Not that I’m necessarily complaining. The weird inconsistency of Evolver is part of its charm from a nostalgic standpoint. And hey, considering the lack of 1990s killer robot movies, I'll take what I can get.



High Points
Though the script doesn’t have nearly as much as it could have with the concept of a cute WALL-E slowly becoming self-aware, any moment were Evolver gets to freestyle is highly amusing


Low Points
The entire production feels, how do I say, small. It’s obvious that Evolver didn’t have a large budget, but it still seems like the movie wasn’t ever trying to hide that. We have ONE evil robot, ONE human kinda villain, NO boxes of Evolvers-to-be waiting to take over the world, and so on. I’m not asking for SKYNET rallies, but showing us some blueprints or sales records or overseas factory mass labor or SOMETHING to give us some form of scale of what’s at stake other than one dull family

Lessons Learned
Prototype war robots can survive car flipovers that instantly kill seatbelt-wearing humans with nary a scratch



Similarly, doughy teenagers can survive automobiles being dropped on their faces with just a few days of hospital care

Half-shirts were apparently still in for bullies circa 1995

Evolver can’t lose!

Hey! That’s…
The robotic voice of W.H. Macy, better known to most filmgoers as William H.

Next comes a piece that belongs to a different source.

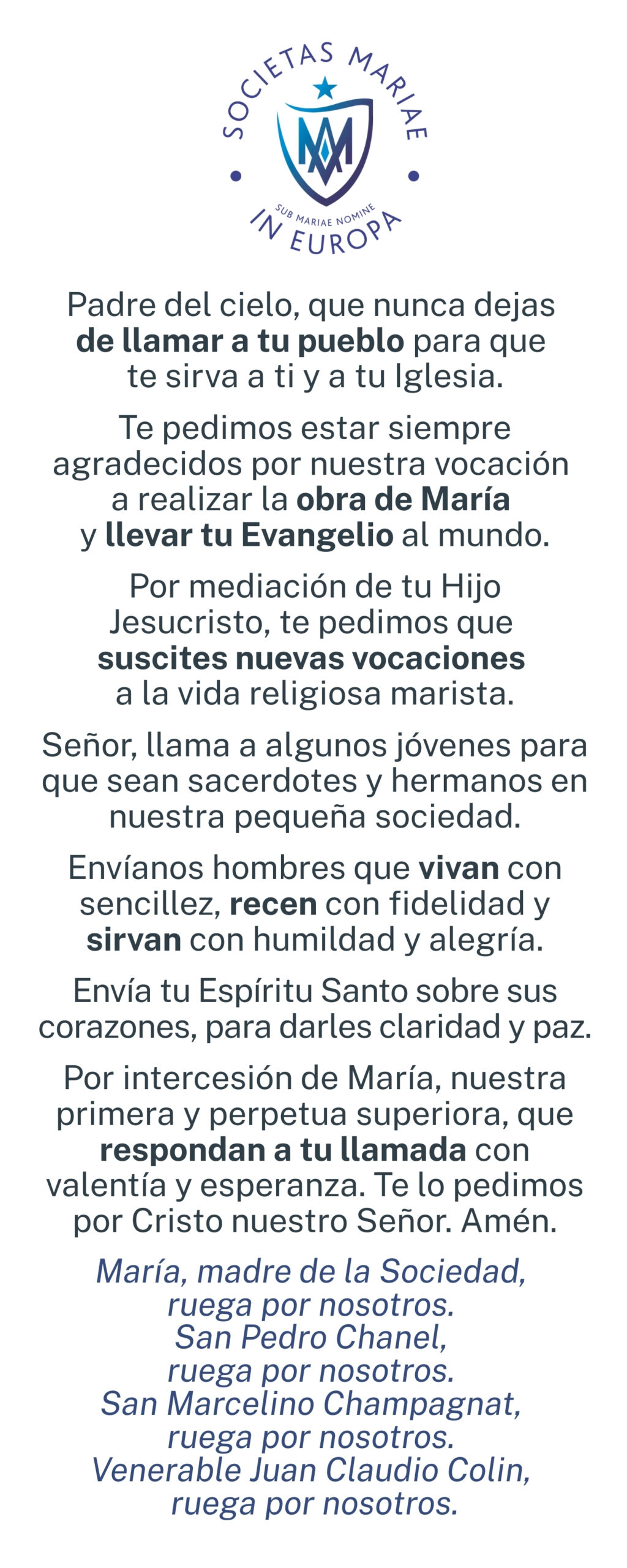 om nieuwe roepingen tot het Maristenleven te doen ontstaan.

Token Broken Family Exchange
Mom: Even your dad says-
Bitter Child: Dad’s not around anymore, IS he?
The writing and delivery of this moment was simply too good not to mention

Rent/Bury/Buy
Any genre film fan with a soft spot for unremarkable and highly dated trash will get a mild enjoyment out of Evolver. The movie is rife with weird timely moments to bring you back to the early ‘90s, and the titular villain himself is fun when he gets the chance to be. Worth the energy of a Netflix stream and not much more, unless you just REALLY like robots, Ethan Embry, or W.H. Macy’s sexy robotic vocal chords.